Seharusnya pemerintah memberikan fleksibitas bagi industri migas non-konvensional menggunakan barang dan jasa. Ini bisa mendorong ketersediaan industri penunjang migas nonkonvensional. “Dengan fleksibilitas ini yang disertai dengan perbaikan regulasi, saya yakin pemboran sumur CBM akan lebih mudah dan ekonomis,” ujarnya kepada Katadata (28/10).
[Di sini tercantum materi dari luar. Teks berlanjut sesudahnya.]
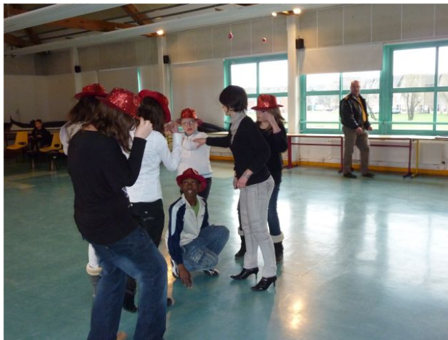
La dernière répétition avant le grand spectacle

Kemudahan sangat dibutuhkan industri migas non konvensional yang masih dalam tahap awal pengembangannya di Indonesia. Saat ini industri CBM di Indonesia baru ada sekitar 100 sumur yang sudah dibor. Pengalaman negara lain seperti Amerika dan Australia harus melakukan pemboran pada ribuan sumur agar bisa komersial.

Secara teknis, kata Unggul, usaha CBM di Indonesia sangat menjanjikan. Potensi cadangannya sangat  besar, hingga mencapai  453 triliun kaki kubik (TCF). Namun, perizinan dan regulasi yang diterapkan pemerintah, menyulitkan kontraktor mengkomersikan usahanya. Bahkan, menurut dia, sudah ada beberapa investor yang menarik investasi CBM dari Indonesia seperti ExxonMobil, Total, Santos dan CBM Asia.

(Baca: Perusahaan Migas Non-Konvensional Berhenti Beroperasi)

Sekadar informasi, NuEnergy Gas Ltd. merupakan perusahaan migas asal Australia. NuEnergy telah memiliki tiga kontrak kerja sama migas (PSC) yakni Muara Enim, Muara Enim II, dan Rengat, di Sumatera Selatan dan Sumatera bagian tengah.

Pada 20 Mei lalu perusahaan ini menandatangani kesepakatan dengan Dart International Ltd. untuk membeli 100 persen saham Dart Energy (Indonesia) Holdings Pte Ltd. Akuisisi senilai US$ 1 juta masih menunggu terselesaikannya beberapa kondisi termasuk persetujuan pemerintah.

Dengan akuisisi NuEnergy akan memiliki seluruh aset Dart Energy di Indonesia yang terdiri atas tiga kontrak kerjasama blok migas (PSC) dan hak terhadap evaluasi bersama (joint evaluation/JE) atas satu blok CBM. Ini mencakup 45 persen saham di PSC CBM Tanjung Enim dan 50 persen saham di PSC CBM Muralim di Sumatera Selatan, serta 100 persen saham di PSC CBM Bontang-Bengalon di Kalimantan Timur. NuEnergy juga memiliki hak JE di CBM Bungamas, Sumatera Selatan.